**Task prompt:** Set down the first line below and each line after it, ending with the one that holds "e Razer Ornata". Pictures do not belong in the copy.

**Data shown:**
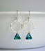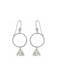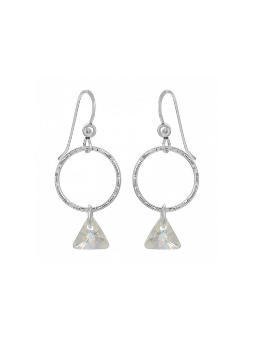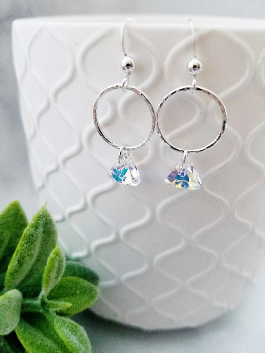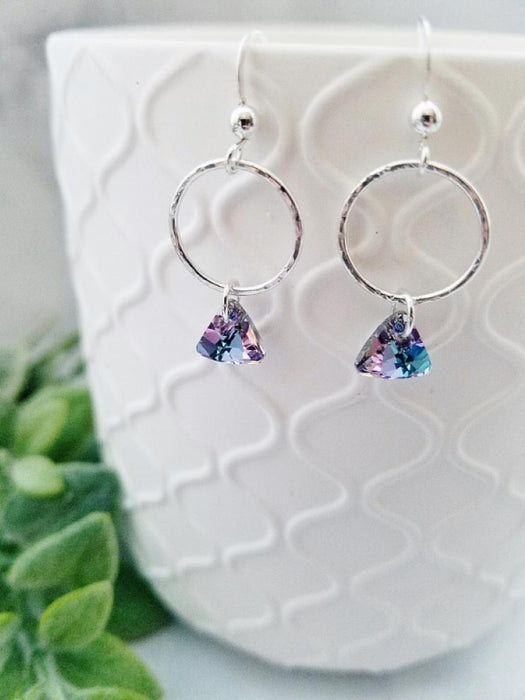 These stunning earrings feature a hammered circle of sterling silver with a triangle shaped faceted Swarovski crystal dangle drop. 1 3/8" long.
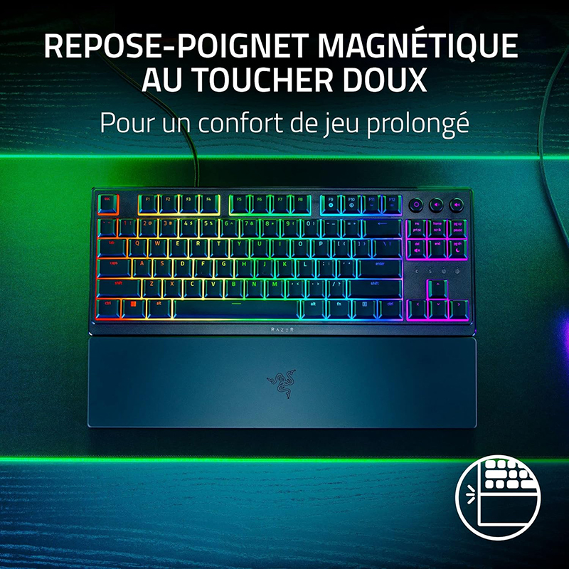 e Razer Ornata V3 Tenkeyless est un clavier gaming conçu pour allier confort, réactivité et compacité. Grâce à ses switches méca-membrane, il offre une sensation de frappe agréable et réactive, idéale pour les sessions de jeu prolongées et la saisie rapide. Son format tenkeyless (TKL), dépourvu de pavé numérique, permet un gain d’espace optimal sur le bureau et une meilleure ergonomie pour les mouvements de la souris.
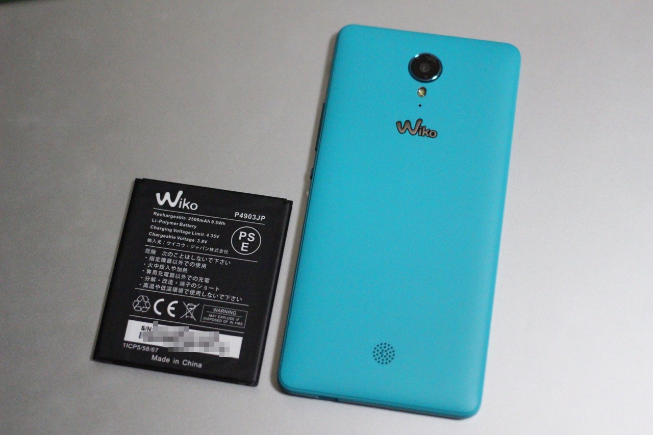 リアカメラ(ソニー製約800万画素センサー)部分は若干のでっぱりがあり、その下にLEDフラッシュライトと「Wiko」のロゴが配置。リアカバーは本体下側のmicroUSB端子部分に爪を引っ掛ければ比較的簡単に外すことができす。
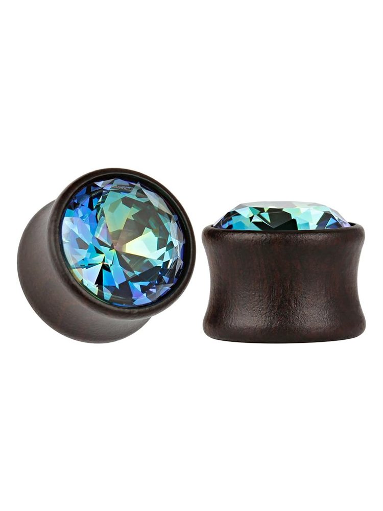 Плаги из черного дерева со вставкой из разноцветного циркона.

**Completed task:**
 These stunning earrings feature a hammered circle of sterling silver with a triangle shaped faceted Swarovski crystal dangle drop. 1 3/8" long.
 e Razer Ornata V3 Tenkeyless est un clavier gaming conçu pour allier confort, réactivité et compacité. Grâce à ses switches méca-membrane, il offre une sensation de frappe agréable et réactive, idéale pour les sessions de jeu prolongées et la saisie rapide. Son format tenkeyless (TKL), dépourvu de pavé numérique, permet un gain d’espace optimal sur le bureau et une meilleure ergonomie pour les mouvements de la souris.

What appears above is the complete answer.